Helton v. Mayo

15 So. 2d 416 | Fla. | 1943

Petitioner was convicted, and judgment and sentence of three years imposed, on an information charging the removing and concealing of several gallons of "moonshine whiskey" with intent to defraud the State of the tax imposed on such whiskey. The original sentence of five years was suspended and later, on September 8, 1942, the Court of Record of Escambia County held the original sentence void and resentenced the defendant to three years in the State Prison, and commitment issued.

This Court granted writ of habeas corpus on October 4, 1943. On the facts admitted in the return, the above judgment, sentence and resentence are all void, as the information charged no offense, and the petitioner must be discharged from custody under the commitment issued pursuant to said judgment and sentence.
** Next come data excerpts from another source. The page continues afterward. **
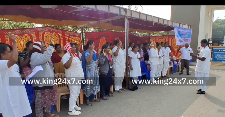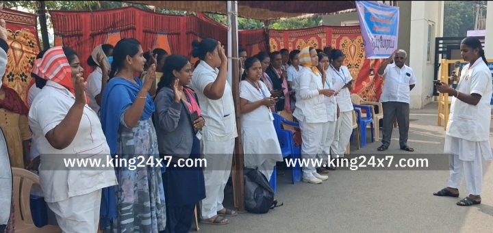 தமிழ்நாடு செவிலியர்கள் மேம்பாட்டு சங்கம் சார்பில் கரூரில் காத்திருப்பு போராட்டம். கரூர் அரசு மருத்துவக் கல்லூரி மருத்துவமனை வளாகத்திற்குள் 2-வது நாளாக தமிழ்நாடு செவிலியர்கள் மேம்பாட்டு சங்கம் சார்பில் 10 அம்ச கோரிக்கைகளை வலியுறுத்தி தமிழக அரசுக்கு எதிராக கண்டன கோஷங்கள் எழுப்பி காத்திருப்பு போராட்டத்தில் ஈடுபட்டு வருகின்றனர். தமிழ்நாடு செவிலியர்கள் மேம்பாட்டு சங்கம் மாவட்ட செயலாளர் தேவி தலைமையில் திமுக அரசு தேர்தல் வாக்குறுதியில் குறிப்பிட்டதை போல அனைத்து தொகுப்பூதிய செவிலியர்களையும் பணி நிரந்தரம் செய்ய வேண்டும், சென்னை உயர்நீதிமன்ற உத்தரவின் மீதான மேல்முறையீட்டை கைவிட்டு செவிலியர்களுக்கு சம வேலைக்கு சம ஊதியம் வழங்க வேண்டும், செவிலியர் கண்காணிப்பாளர் நிலை 3 பணியிடங்களை மீண்டும் உருவாக்கிட வேண்டும், கொரோனா காலகட்டத்தில் பணி செய்து பணி நீக்கம் செய்யப்பட்ட அனைத்து செவிலியர்களுக்கும் மீண்டும் பணி வழங்க வேண்டும், செவிலியர்களுக்கு 7, 14, 20 மற்றும் 25 ஆண்டுகளில் பதவி உயர்வுக்கான ஊதிய நிர்ணயம் செய்திட வேண்டும் உள்ளிட்ட 10 அம்ச கோரிக்கைகளை வலியுறுத்தி தமிழக அரசுக்கு எதிராக கண்டன கோஷங்கள் எழுப்பினர்.
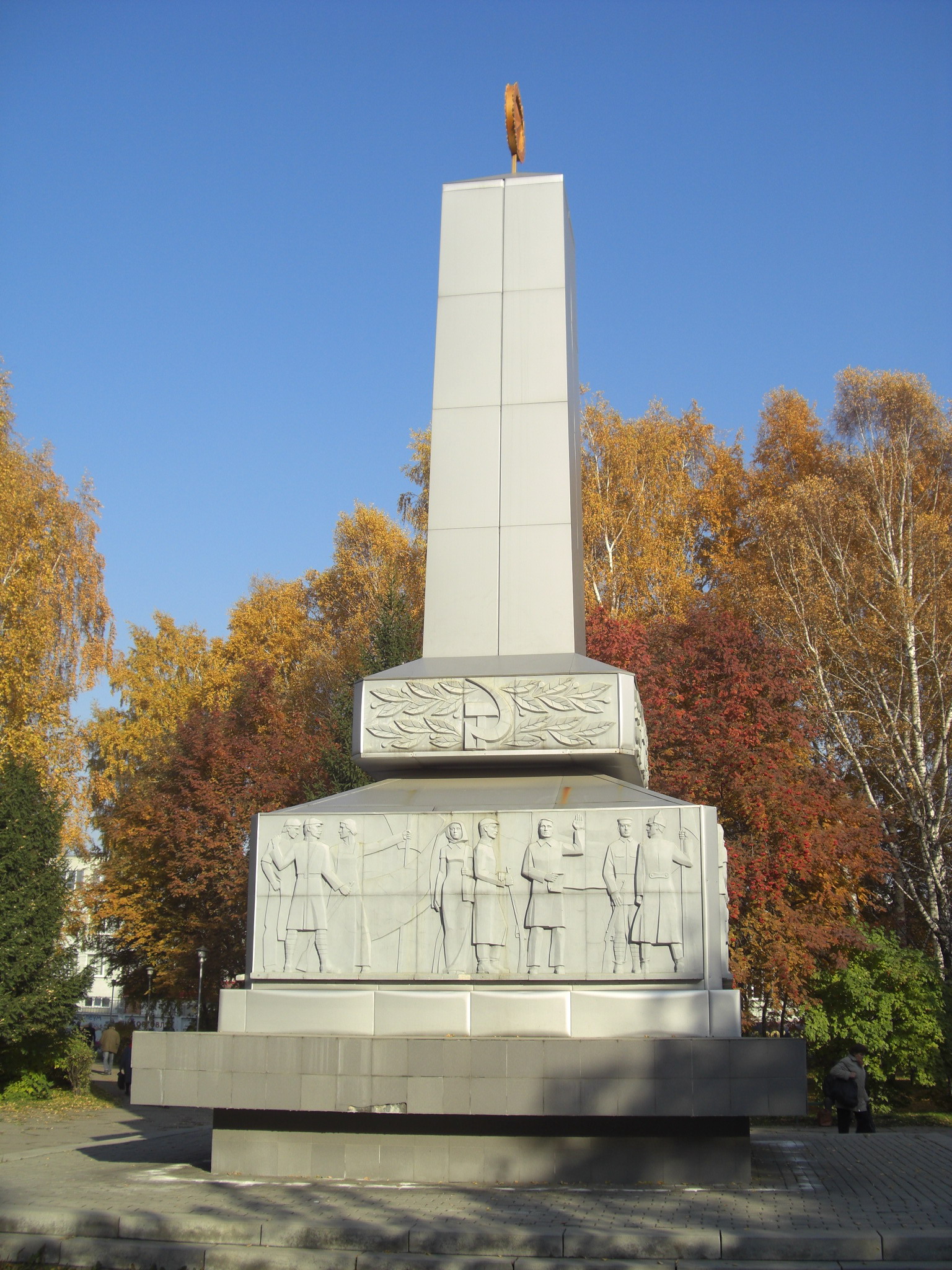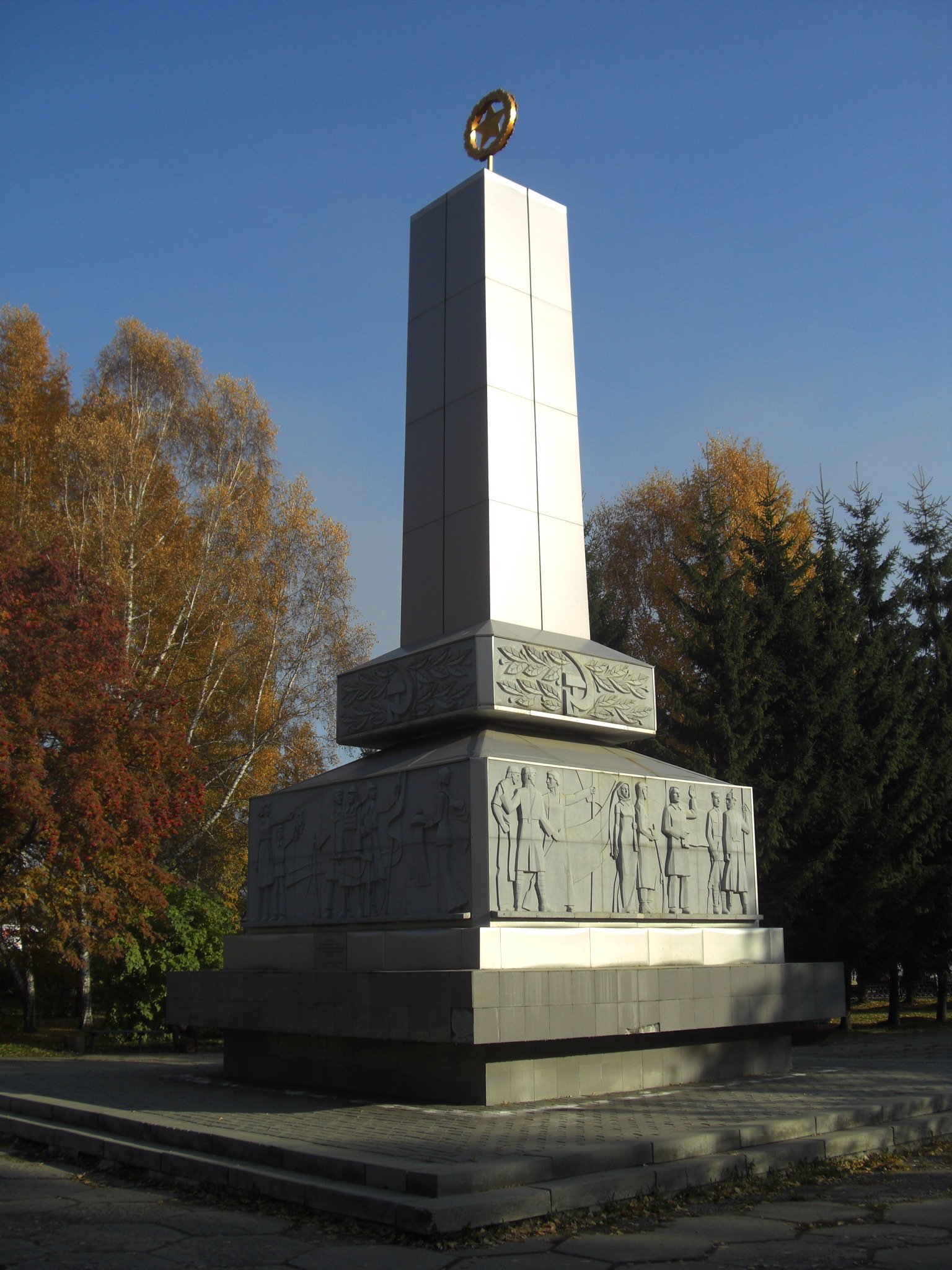 В 1977 году памятник реконструировали скульпторы В. Петухов и Н. Михайловский. Они создали четырёхгранный обелиск на двухступенчатом постаменте. В верхней части постамента помещена рельефная композиция, раскрывающая тему гражданской войны и борьбы за Советскую власть.
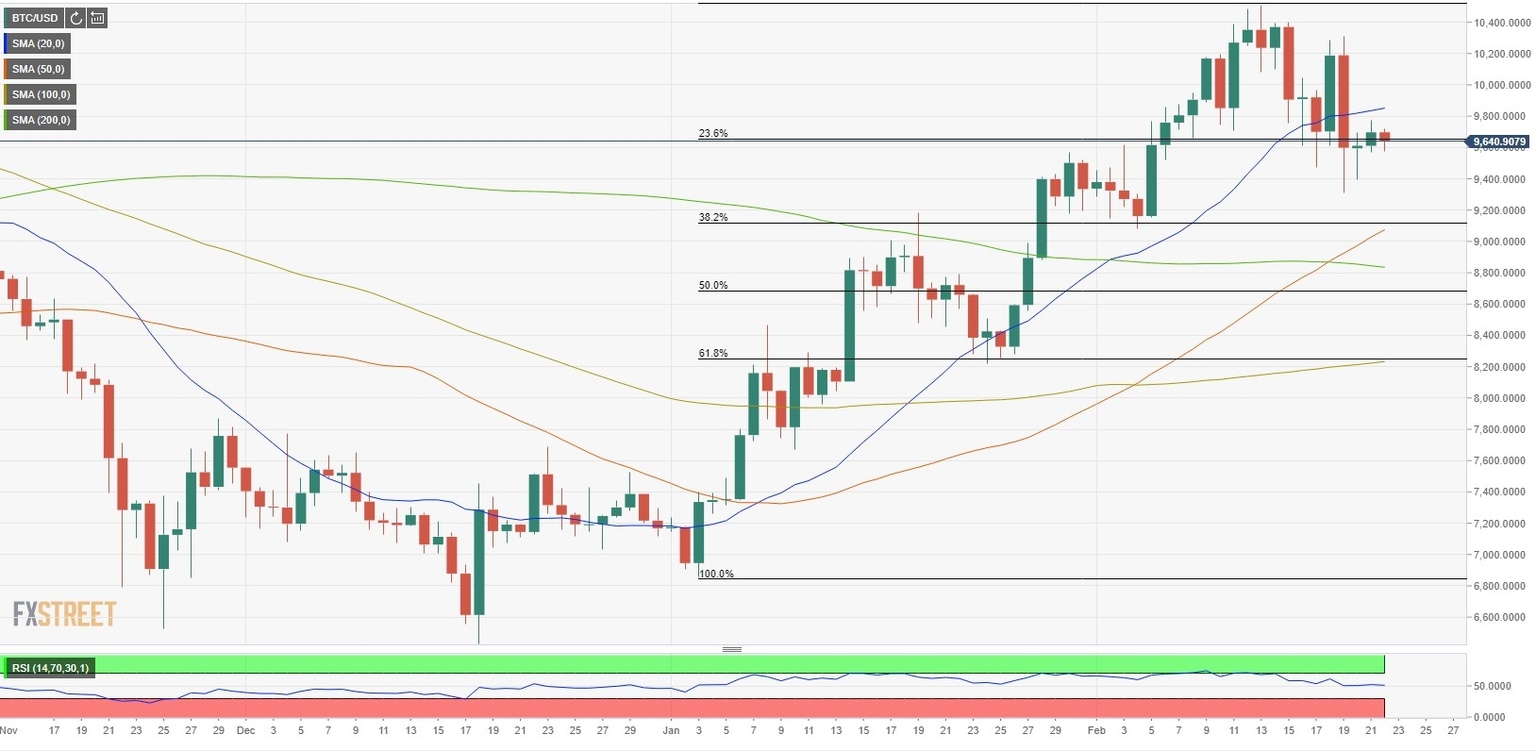 The Fibonacci %23.6 retracement of the rally that started in early January and ended in mid-February is located near $9,600. Above that level, the 20-day SMA at $9,850 could act as an interim resistance ahead of $10,000 (psychological level).
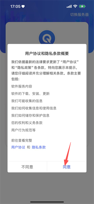 1、阅读用户协议和隐私条款后,点击同意,即可进入应用。
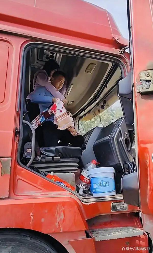 两个人,一辆车狭小的驾驶室成了夫妻俩一路遮风避雨的家。
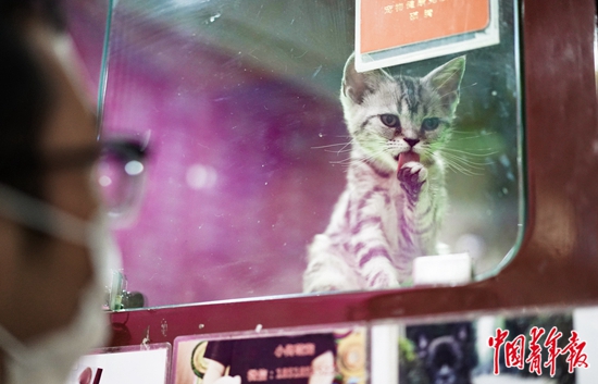 北京三里屯一寵物店內(nèi),一位顧客正在觀察小貓洗臉。
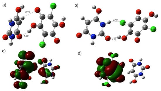 In order to investigate the molecular forces for interactions between BU and ChA, DFT calculations using wB97XD/def2-TZVP level of theory were used. Figure 4 (Tables S1–S4) shows the optimized structures of the most stable BU structure [56] and ChA. The calculated molecular electrostatic surface potential (MESP) of BU showed the presence of negative electrostatic potential (V = −31.4 and −25.1 kcal/mol) over the carbonyl (C=O) groups, while positive electrostatic potential (V = +40.1 and +31.4 kcal/mol) on -OH and –NH groups, respectively [37]. On the other hand, the ChA acceptor shows less negative electrostatic potential on –C=O groups (V =−22.6 kcal/mol) and low positive potential on –Cl and –OH groups, which nominated ChA for accepting electrons. Different orientations of the BUChA (BUChA-I-IV) complex were explored to explore the possible binding between BU and ChA. Figure 5a (Figure S3 and Tables S5 and S6) shows the most stable optimized structure of the molecular complex BUChA-I where short contact hydrogen bonding (HB) between the two molecules stabilized the complex formation. The HB in O7···H15–O14 showed a 1.80 Å bond distance and 148° bond angle, which was 33.8% less than the sum of vdW radius. The short bond distance initiated the proton transfer from ChA to BU to form ChA−···BU+ species. The structure was further stabilized by another weak HB (C2H12···O18, 2.40 Å and 131° bond angle). The binding process could occur through the isomer in Figure 5b (BUChA-II, (Tables S7 and S8), where short HB (bond distance 1.75 and bond angle 153°) in addition to H10···Cl27 HB (bond distance 2.49 Å and bond angle 148°). However, the BUChA-I structure in Figure 5a was more stable by 2.4 kcal/mol than the BUChA-II structure. The solvent effect-using methanol (ε = 32.6) was performed using the SCRF and PCM on the optimized structures of BUChA-I. The results showed the stabilization of the complexes on the methanol (6.9 kcal/mol), attributed to higher charge separation in the excited state [57]. The electronic absorption spectrum of BUChA in methanol was predicted using DT-DFT calculations. Figure S4 shows the presence of the CT band at 570 nm, which was consistent with the experimental CT band, with oscillator strength (f) of 0.012, which was assigned to HOMO → LUMO transition (98%). The HOMO orbitals of the BUChA-I position on both BU and ChA, while only ChA contributed to the LUMO orbitals of the complex (Figure 5c,d), which indicated the π→π* electronic transition from the HOMO of BU to the ChA LUMO.

Respondent admits that under the recent decision of this Court in Brown v. State, 13 So.2d 458, 142 Fla. 852, the information upon which the above judgment and sentence were imposed fails to charge an offense against the laws of this State, but respondent alleges that petitioner is also held in custody in the State Prison under a commitment issued by the same court pursuant to a subsequent judgment and sentence rendered on September 22, 1942, whereby petitioner was sentenced to five years for larceny of a hog, "said sentence *618 to begin and run from expiration of sentence imposed in this Court on September 8, 1942," evidently referring to the void judgment and sentence above referred to. Apparently, this was a valid judgment, but inasmuch as the sentence of September 8, 1942 was legally unauthorized and non-existent at the time the second judgment and sentence of five years was rendered on September 22, 1942, the five year sentence imposed by the second judgment and sentence should be construed to run just as if the above quoted words, to the effect that said sentence should begin to run at the expiration of the (void) sentence of September 8, 1942, had not been included therein. Otherwise petitioner would be done a grave injustice. As we have construed the legal effect of the judgment and sentence of September 22, 1942, no good purpose could be served by ordering the petitioner returned to Escambia County for the imposition of a new sentence with the words above referred to eliminated.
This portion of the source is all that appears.